Identifying Pull-ins and Upsides

To make sure that Oracle Rapid Planning respects the Order Priorities that were set by the user or by an offline process, it is important to identify the Pull-ins and Upsides.

In Oracle Rapid Planning, upsides are defined as a new demand line with type Manual Demand. The priority assigned to this order, its due date, and quantity defines where it is planned in the order sequence

A Pull-in is created on a demand line if the Revised Demand Date is populated. The priority of the Pull-in is populated in the field Revised Demand Priority. The Revised Demand Date should typically by less than the Firm Date. If the Revised Demand Date is greater than the Firm date then it is a Pull-out which is possible but this is not normal.

In the example shown in the previous section on the new item attributes, note the partial pull-in, fully pull-in and upside in the results. The explanations use the information from that example.

Explanation 1

Order Number WMT-1011 is partially pulled-in as shown below:

Firm Date = 18-Feb-09 and Firm Quantity = 1200; Priority = 2

Revised Demand Date = 04-Feb-09 and Revised Demand Priority = 6

Revised Demand Date is less then Firm Date hence the order is pulled-in. The amount pulled-in is 1200 and will be planned with Revised Demand Priority 6.

Explanation 2

Order Number XYZ-1011 is pulled in fully as shown below:

Firm Date = 11-Feb-09 and Firm Quantity = 700, Priority = 4

Revised Demand Date is less then Firm Date hence the order is pulled-in. The amount pulled-in is 700 (entire quantity) and planned with Revised Demand Priority 7.

Explanation 3

Order Number XYZ-1212 has an upside as shown below:

Firm Date = 25-Feb-09 and Firm Quantity = 2000 with Priority = 5

Manual Demand created with Firm Date = 25-Feb-09 and Firm Quantity = 1500 with Revised Demand Priority = 8

The manual demand is an upside planned with the lowest priority, in this case 8.

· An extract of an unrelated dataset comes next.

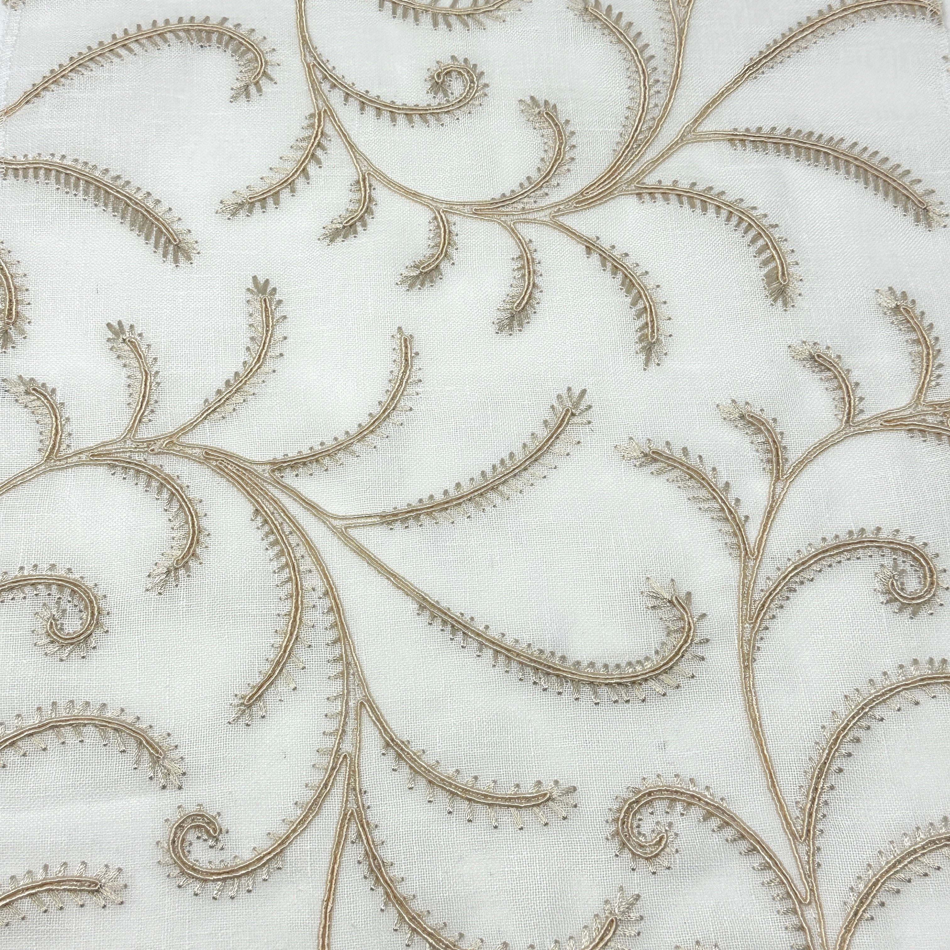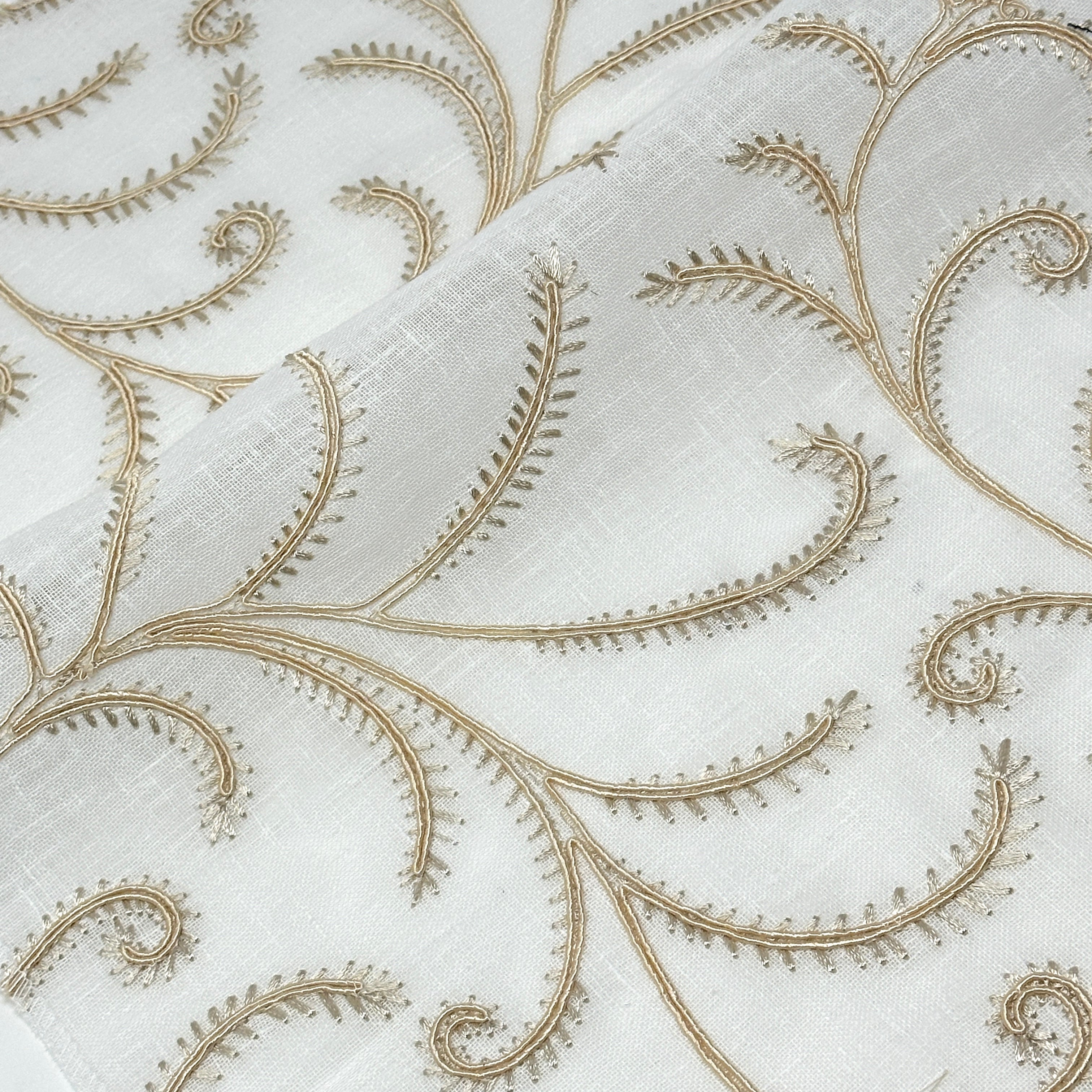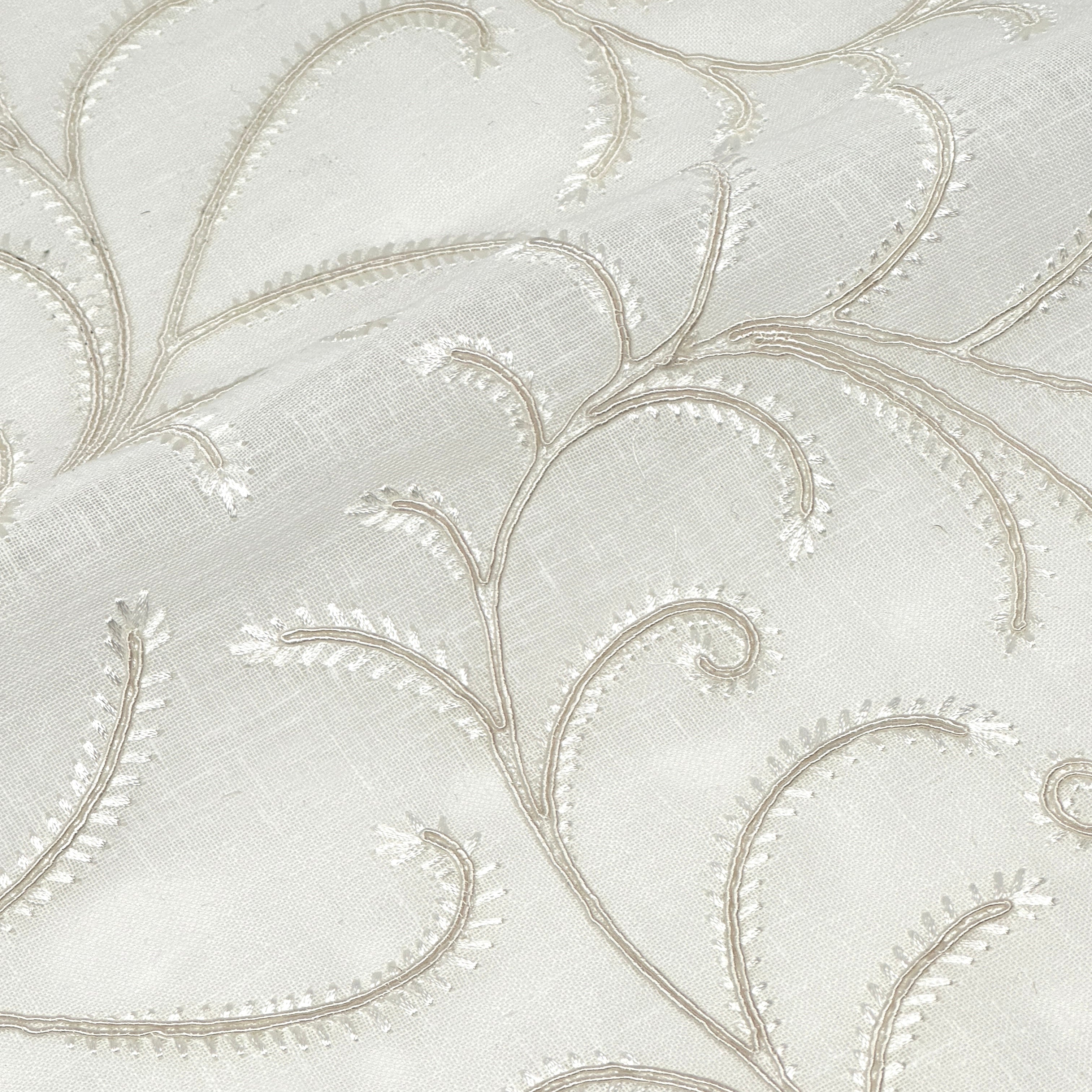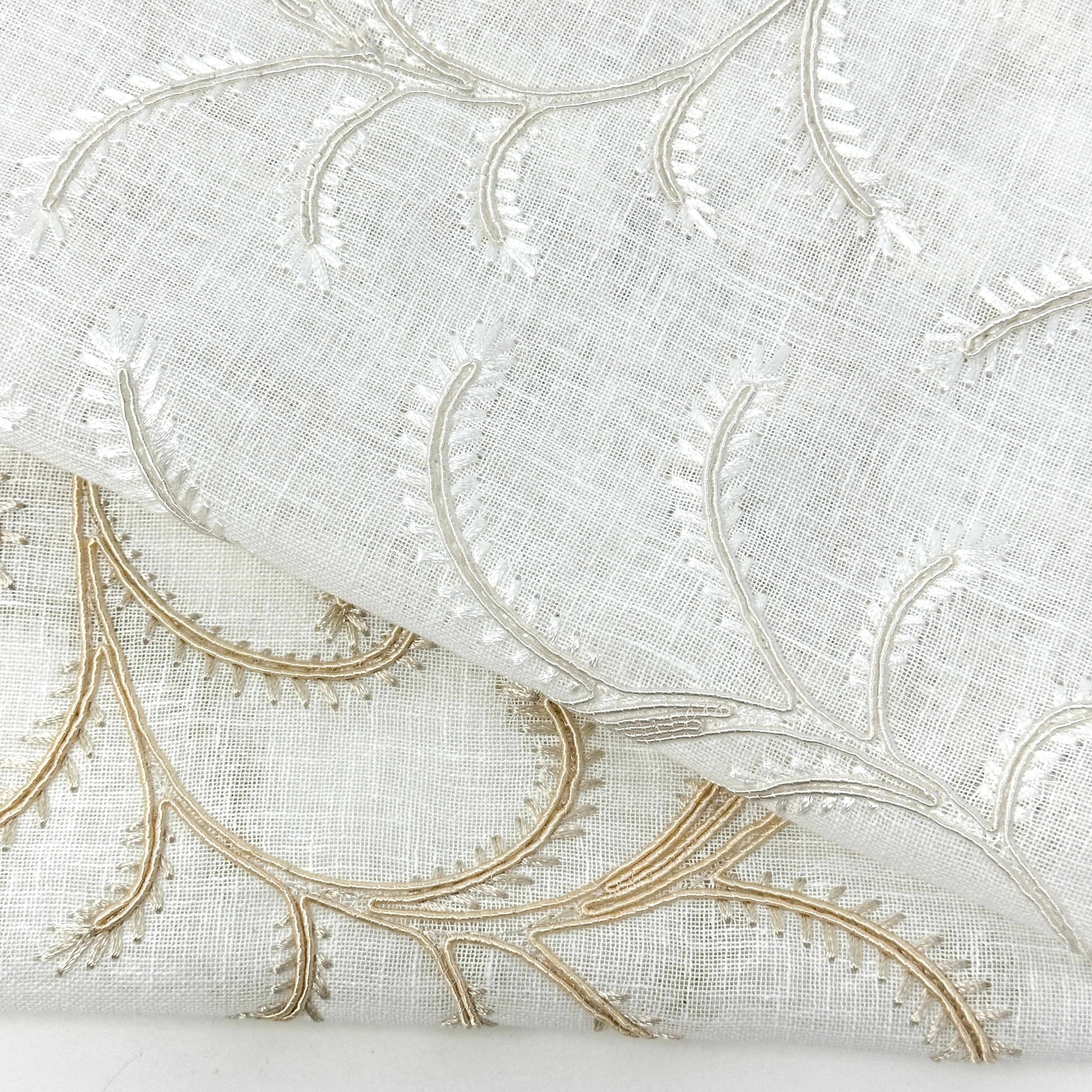 Delicate and airy, this linen blend sheer fabric features elegant leaf embroidery in soft tones.

In this case, 2000 units of the Order will be planned with the priority of a regular sales order while 1500 units will be planned with priority of a Manual Demand as an Upside. The due date for both demand lines is the same.

Examples of Pull-ins and Upsides

The examples in this section are based on the following assumptions:

  1. This logic applies to both Forecasts and Sales Order demand streams

  2. Pull-in and Upsides information is fed to Rapid Planning in one of the two ways:

    • From the back end: Pull-in date and Upside quantity along with the associated priority against a demand line are populated and fed into Rapid Planning through a supported integration scheme.

    • Manually created in the Supply-Demand view: User manually populates the relevant fields creating the Pull-in and/or Upside.

  3. Priority against a Pull-in is specified in two ways

    • Computed by an external Process: An offline demand prioritization scheme supports logic that can be based on custom rules to compute the Pull-in or Upside priority.

    • Manual: You can create or update Pull-ins or Upsides in the Supply-Demand view. In this case, you input the priority for Pull-ins and Upsides.

  4. Upsides defined for demand lines that are received in Rapid Planning from the back end come in as a new demand line with order type set to manual demand.

  5. The pegging information displayed when planning with Due Date and with Revised Demand Date can be different.

  6. In this document, Firm Date refers to Demand Date (due date of the demand line) and Firm Quantity refers to the Quantity of the demand line.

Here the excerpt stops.